During an interview with FOX Business Network’s Maria Bartiromo, Royal Dutch Shell’s (NYSE:RDS.A) CEO Ben van Beurden said the company is responding with “vigor and determination” to cope with lower oil prices.
“We started off the slide in oil prices with a low gearing 12.4%. Since then, we have been cutting our operating costs, our capital spent quit considerably -- $4 billion OPEX, $7 billion capital costs -- that’s about a year of dividends that we have saved in a year’s time,” he said
Despite cutting costs, van Beurden says the dividend is safe.
“We did a very significant deal [BG Group acquisition] at a time of uncertainty in the markets. I think it’s very difficult for the ordinary investor to understand what is happening and what this deal means… I felt I needed to bring an assuring message out at as well -- that the dividend is basically guaranteed for this year at $1.88 per share,” he said.
He also discussed what the Iran nuke deal means for the global oil market.
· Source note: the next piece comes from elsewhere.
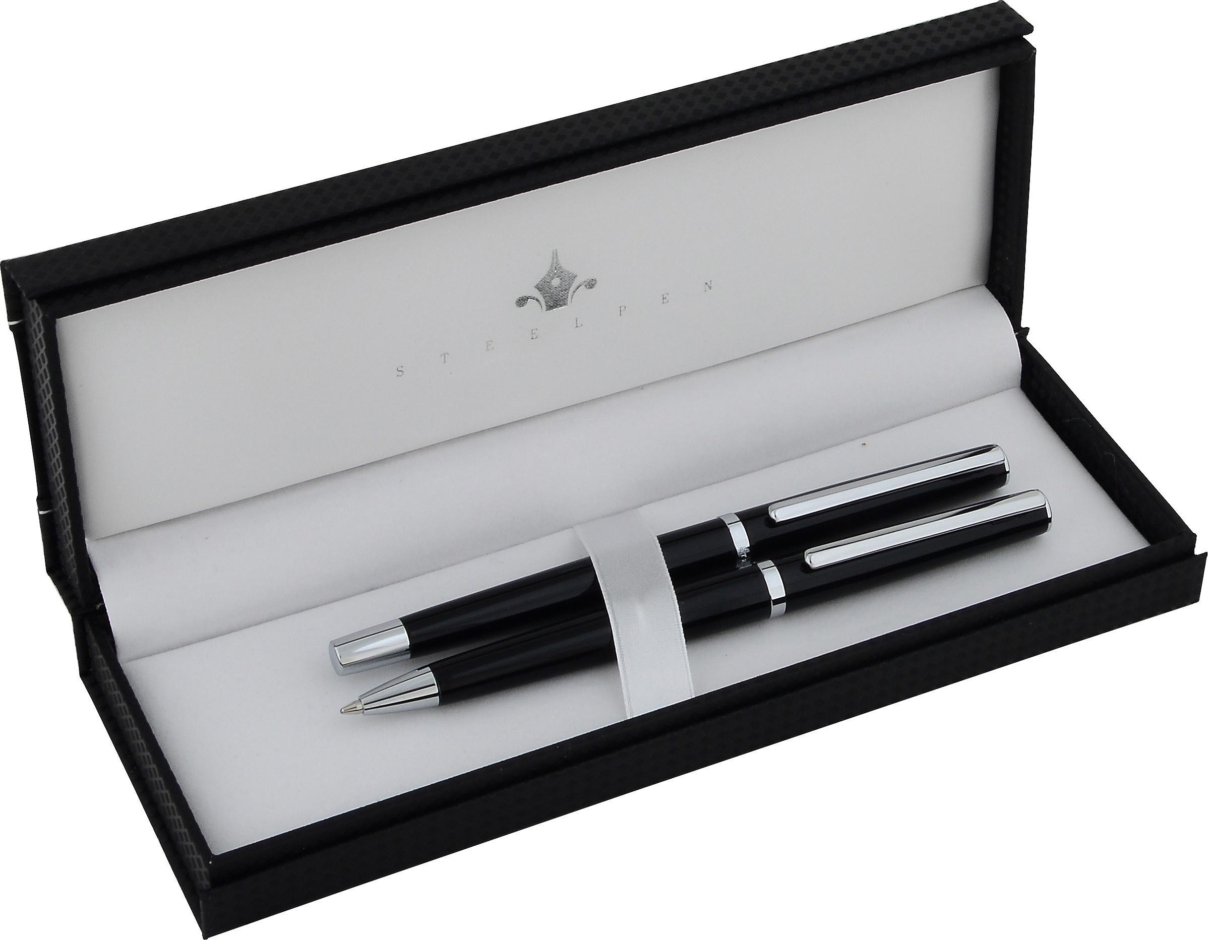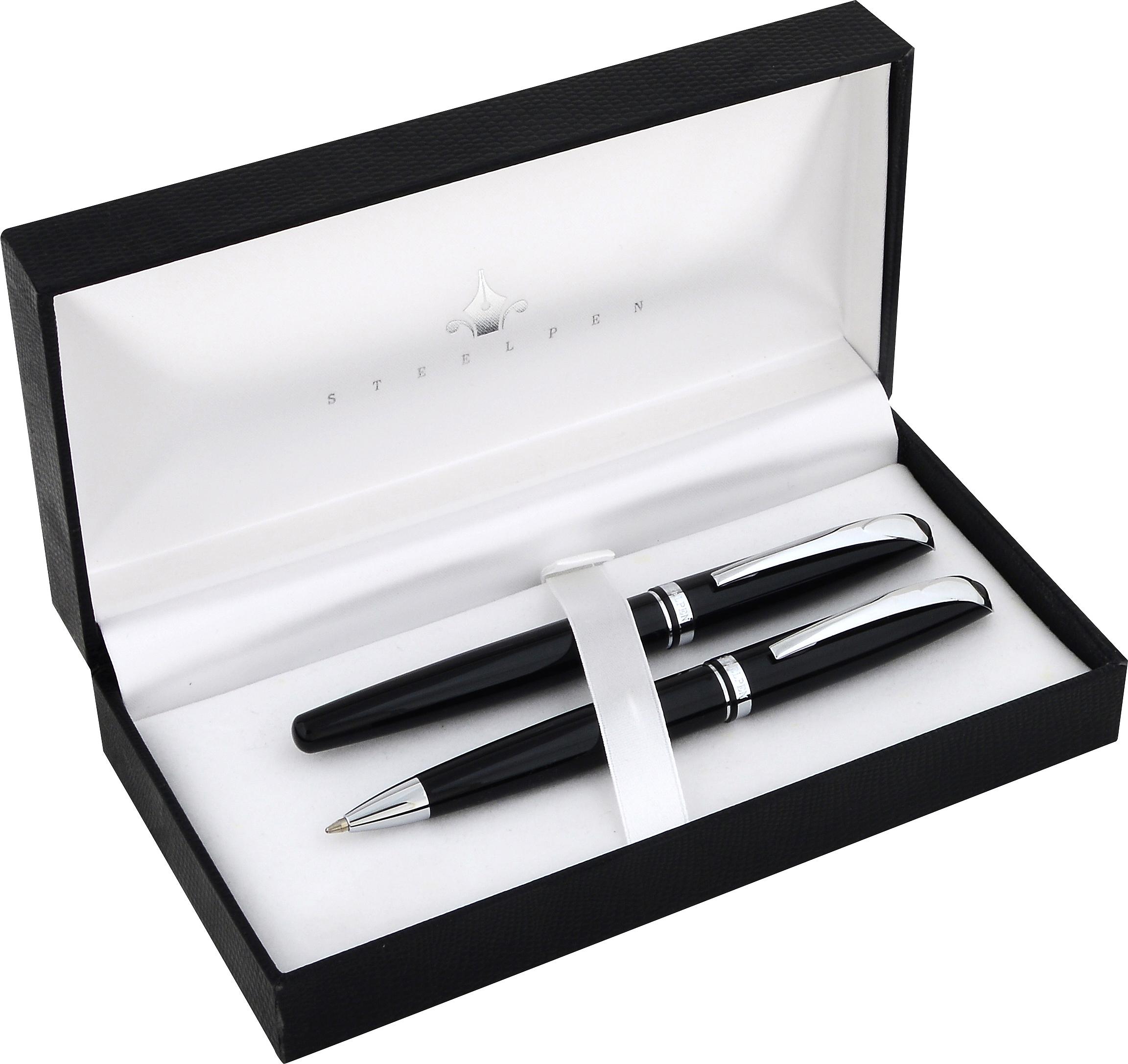 STEELPEN SLIM SERİSİ 8139 SİYAH DOLMA KALEM + TÜKENMEZ KALEM
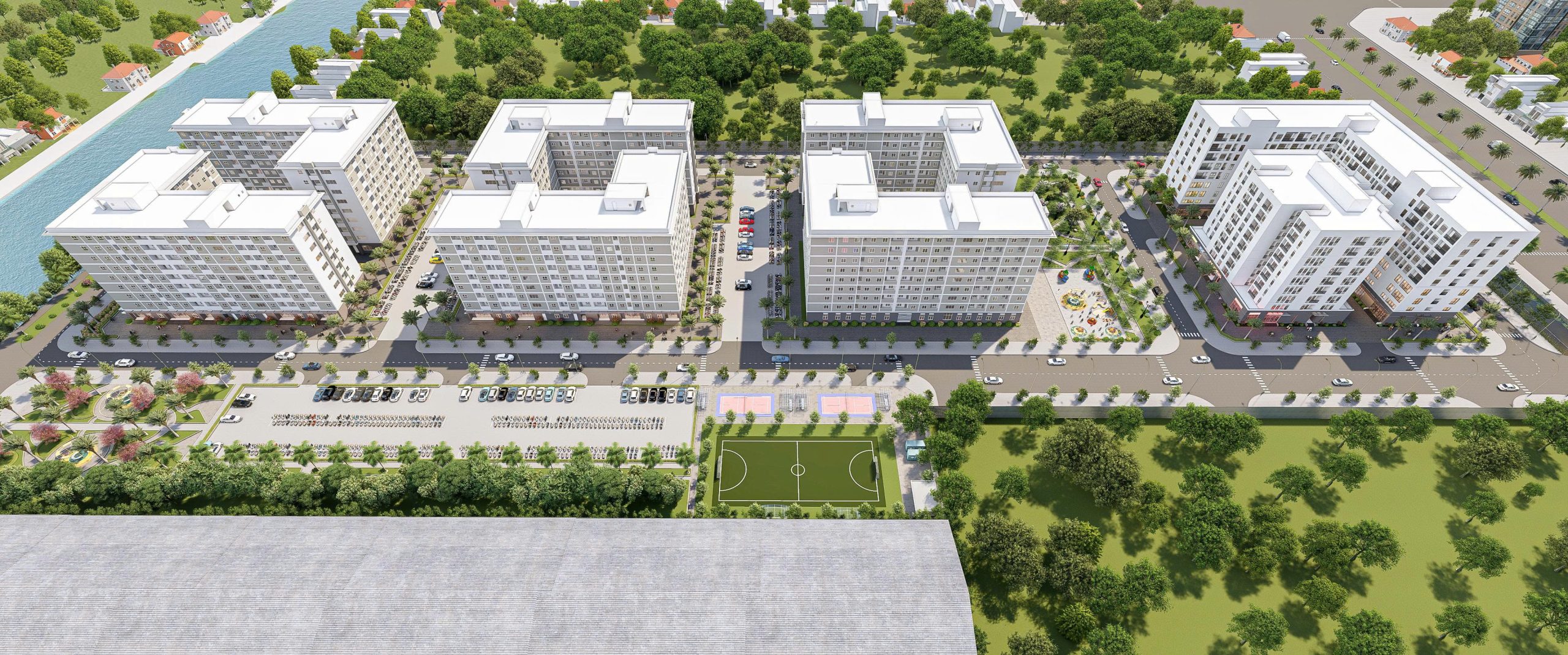 Giữa các tòa là hệ thống cây xanh, sân thể thao, khu vui chơi, đường nội khu và bãi đỗ xe rộng rãi.

“It’s a little bit hard to predict for an outsider because we’ve been out of Iran for a long time, what will actually happen. A lot of talk about a million barrels of new oil coming on. But actually the world is going to need that million barrels. That’s the sort of, that’s less than 1 year demand growth and on top of it you see shrinkage in supply every year -- three to four million barrels a day of shrinkage in supply at $60 oil.”